The minimum value of $$\alpha$$ for which the equation $$\frac{4}{\sin x} + \frac{1}{1 - \sin x} = \alpha$$ has at least one solution in $$\left(0, \frac{\pi}{2}\right)$$ is ______.

We need to find the minimum value of $$\alpha$$ for which the equation $$\frac{4}{\sin x} + \frac{1}{1 - \sin x} = \alpha$$ has at least one solution in $$\left(0, \frac{\pi}{2}\right)$$.

Let $$t = \sin x$$. Since $$x \in \left(0, \frac{\pi}{2}\right)$$, we have $$t \in (0, 1)$$.

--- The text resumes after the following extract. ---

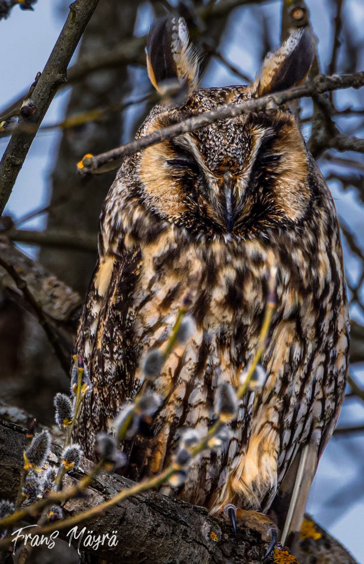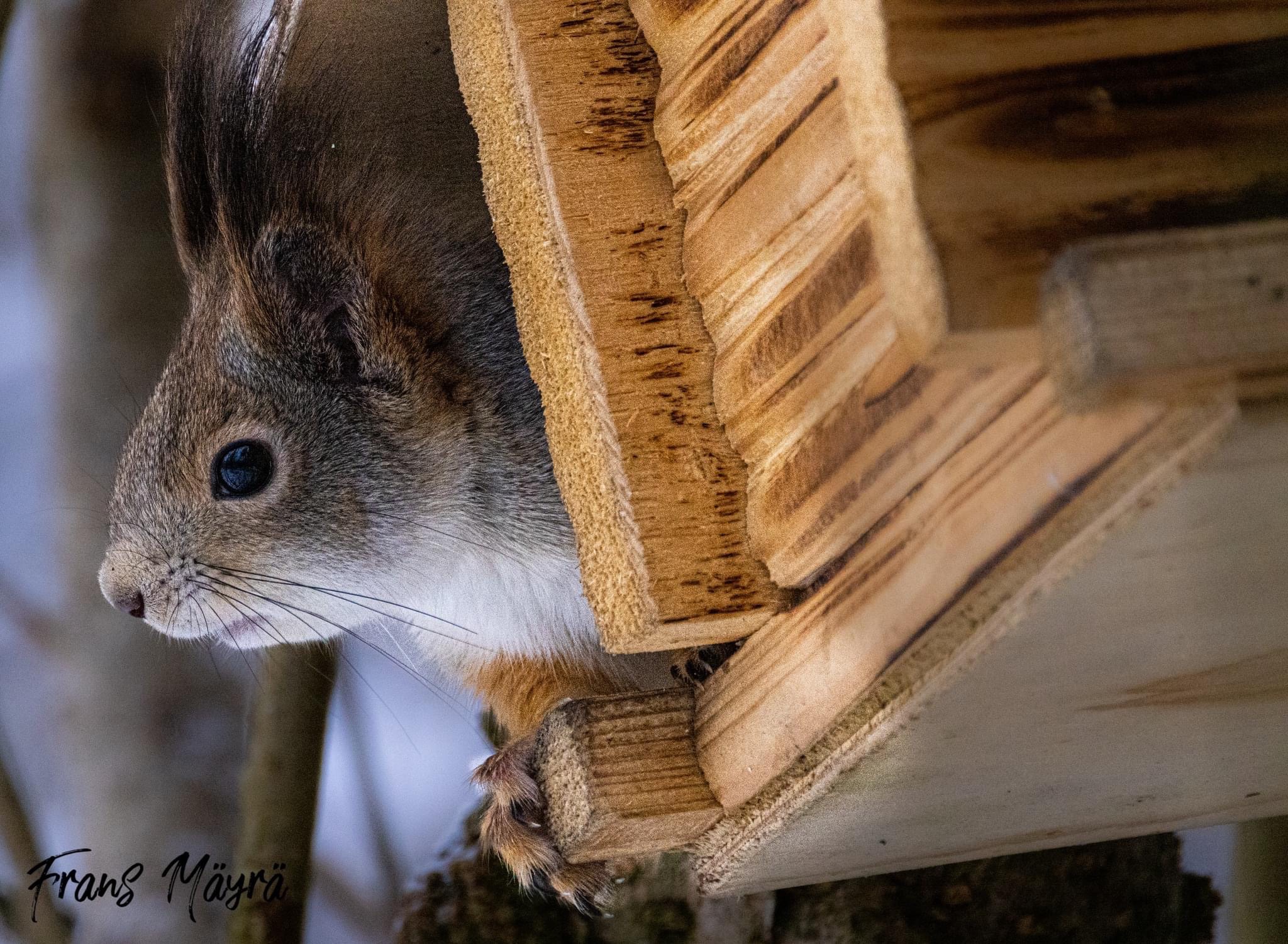 I have been experimenting with ”Taavi Tunturipöllö” (the Snowy Owl toy that Santa brought me) by using a low-powered flash to create more illumination into nature photos taken during the dark winter’s days.

We define $$f(t) = \frac{4}{t} + \frac{1}{1 - t}$$ for $$t \in (0, 1)$$. The equation has a solution if and only if $$\alpha$$ is in the range of $$f(t)$$.

To find the minimum of $$f(t)$$, we compute the derivative: $$f'(t) = -\frac{4}{t^2} + \frac{1}{(1-t)^2}$$.

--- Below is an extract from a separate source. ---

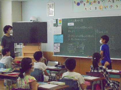 21日(火)の3時間目、4年生は算数の時間でした。3クラスに分かれて、「3桁÷2桁の計算の仕方を考えよう」をめあてに取り組んでいました。計算の仕方をみんなに伝えることもしました。

Setting $$f'(t) = 0$$, we get $$\frac{1}{(1-t)^2} = \frac{4}{t^2}$$, so $$t^2 = 4(1-t)^2$$.

Taking the positive square root (since $$t > 0$$ and $$1 - t > 0$$), $$t = 2(1 - t)$$, which gives $$t = 2 - 2t$$, so $$3t = 2$$ and $$t = \frac{2}{3}$$.

Now $$f\left(\frac{2}{3}\right) = \frac{4}{2/3} + \frac{1}{1 - 2/3} = 6 + 3 = 9$$.

We verify this is a minimum by checking the second derivative or noting that $$f(t) \to \infty$$ as $$t \to 0^+$$ and $$t \to 1^-$$, so the critical point must be a minimum.

Hence, the answer is $$9$$.